Q. My boyfriend is a negative thinker,he gets angry on small things,he cuts himself if we fight.he loves me. how can i help. i have a boyfriend who loves me a lot and so do i. m the 1st girl in his life. v have future plans too. hes very serius for me and so m i, but he is very insecured, he trusts me a lot, but still hes insecured, he gets angry on little things.. we have a long distance relationship.. we both are in dirrent countries n meet each other for three months in an year.. so most of our fites are on the net or phone.. when we happen to fight he cuts his hand.. if hes guilty he will cut.. if hes angry he will cut.. he neva cried before meeting me but has got so attached to me that if i say anything which might hurt him he will cry, he dint even cry when his grandmom expired with whom he was ver attached.. he did shed a tear at night and was low for a few days but was fine later.. he is emotionally very strong.. but how can i controll his anger? n how can i prevent him from harming himself? n hes a very negative thinker what can be done? m doing me psychlogy majors.. so i have tried telling him all the shot term anger management techniques.. but he says he cant help it.. what can i do to change his negative thinking? and how can i controll him when he gets angry?How Can I Help My Depressed Boyfriend?
How Can I Help My Depressed Boyfriend?
Unfortunately, there is very little that you can do to change someone else’s behavior. Unless you are a trained professional you only have the power to control yourself and perhaps the power to influence someone to get help from a professional. You cannot control his behavior or make him stop harming himself but you can encourage him to seek treatment.
A therapist can work with him to correct his negative thinking. He or she can teach him more positive and realistic ways to think. A therapist can also teach him alternative ways to control his anger that do not include harming himself. If your boyfriend is willing to put forth the effort to change and see a therapist, he can likely be helped.
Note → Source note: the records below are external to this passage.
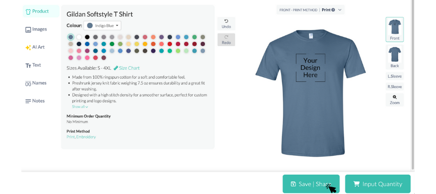 To save your design, click the Save/Share button on the designer page, located near the bottom right of the page. Fill out the name of the design, your name and the email information and press save design. Once your design is saved, you will receive an email containing images of your design, as well as a link to edit your design at a later time.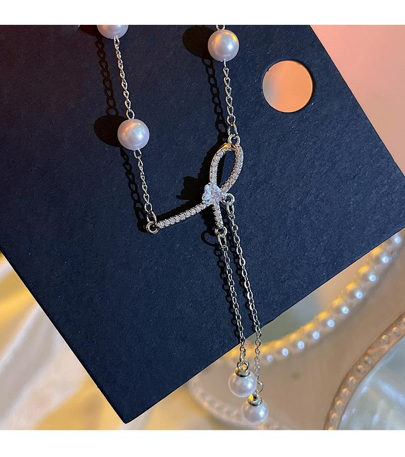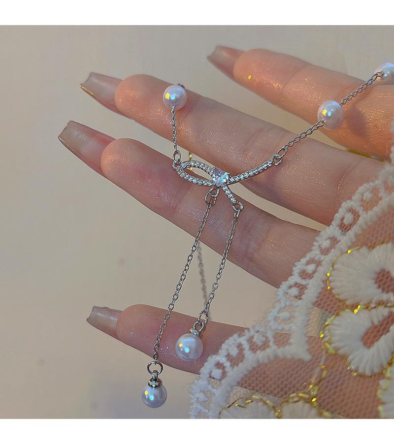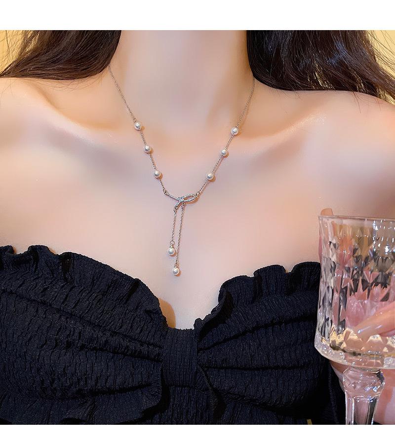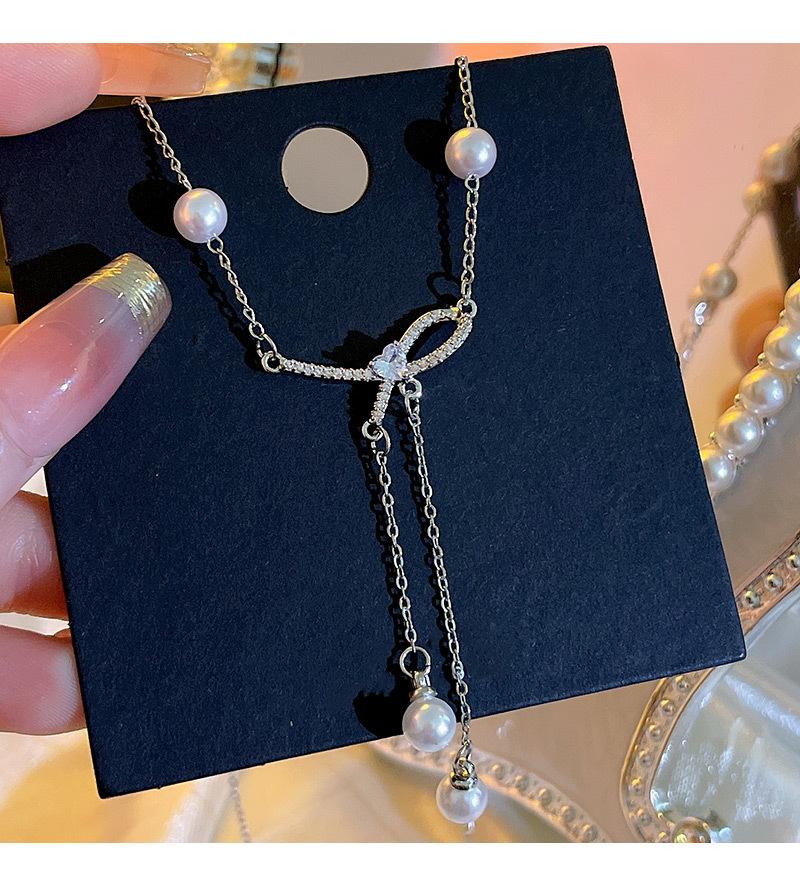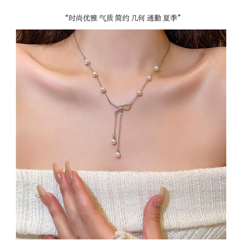 Bowknot pérola borla colar feminino luz luxo nicho net vermelho colar design high-end clavícula corrente acessórios atacado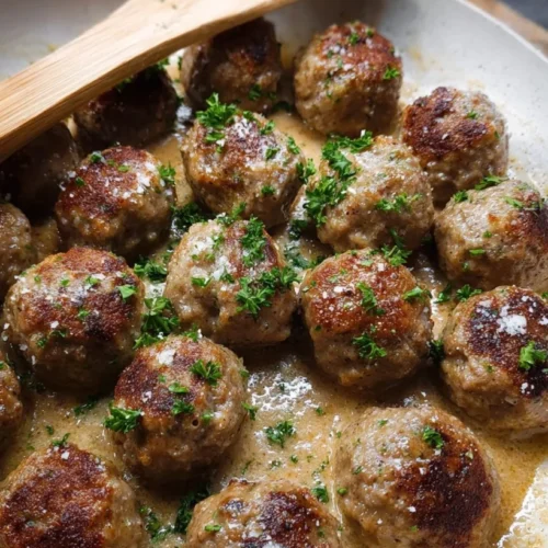 If you find yourself with leftovers—though believe me, they’re a rarity—no worries! Store the meatballs and gravy in an airtight container in the fridge for up to three days. They do reheating quite beautifully. When it’s time to warm them up, do so gently on the stovetop over medium heat or using a microwave. If the gravy thickens too much, add a splash of broth or cream to loosen it up.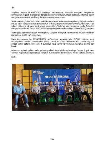 dan Sosialisasi PP 49 Tahun 2020 BPJS Ketenagakerjaan Surabaya Raya, Selasa (6/10) kemarin.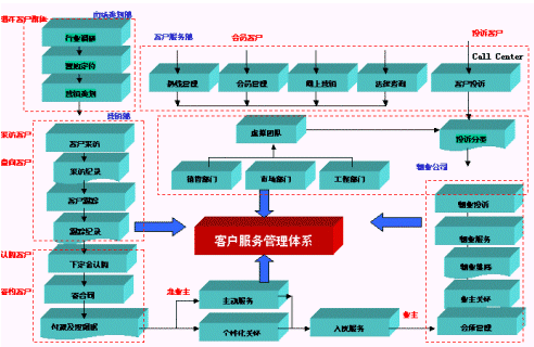 稱之為"體系"主要體現(xiàn)在以下方面:跨越和涉及房地產售前、售中、售后完整階段的各個部門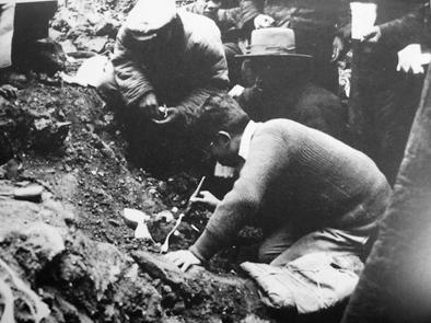 贾兰坡马上命人用绳子把现场围了起来,自己趴在地上亲手挖掘。慢慢地,耳骨、眉骨也从土中露出来了。直到中午,这个头盖骨的所有碎片才被全部挖出。贾兰坡将头盖骨送回办公室,清理、烘干、修复,把碎片一点一点对粘起来。
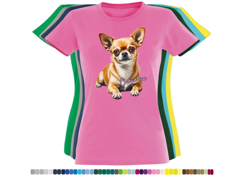 Dámské levné bavlněné tričko s digitálním potiskem Čivava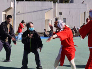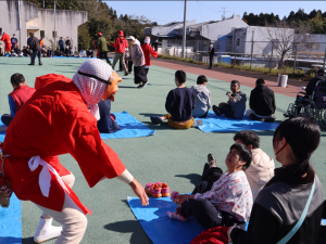 12月の家族会では、ご家族様のご提案と企画により、日向市から『手話っ知連とその仲間たち』の皆様が来訪され、ひょっとこ踊りを披露してくださいました。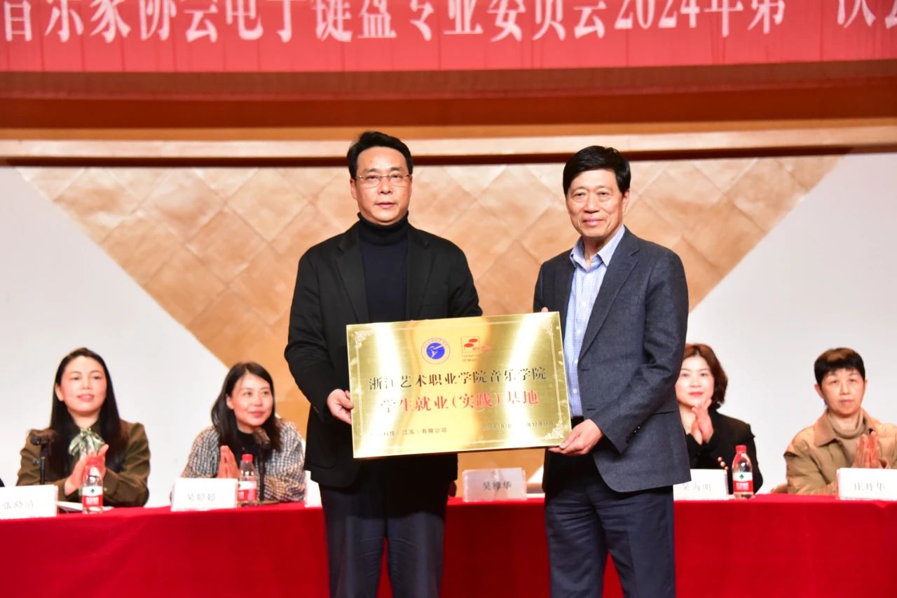 浙江艺术职业学院以推进学院深化校企合作、产教融合项目的开展,扩大学生社会实践和就业渠道,促进文旅有机融合为根本目的,积极开展企业合作单位的筛选,在本次会议上,通过浙江省音协电子键盘专业委员会的推荐,吟飞科技(江苏)有限公司和上海晓音文化传播有限公司与音乐学院建立合作关系,同时吴樟华院长为两家企业颁发合作单位匾牌。

You have already tried to help him to no avail. I suggest that you spend your time trying to convince him to seek professional help. Tell him how much you are worried about him and that with the right help he can find healthier ways to deal with his emotions. Therapy has successfully helped many people overcome very similar problems. Express to him that you are suggesting counseling because you care about him and want to see him well and happy.
If he is not willing to attend counseling and continues the negative thinking and behavior then you may want to evaluate whether this relationship is right for you. Watching someone suffer but refusing help is not only difficult and frustrating but may be psychologically unhealthy for you.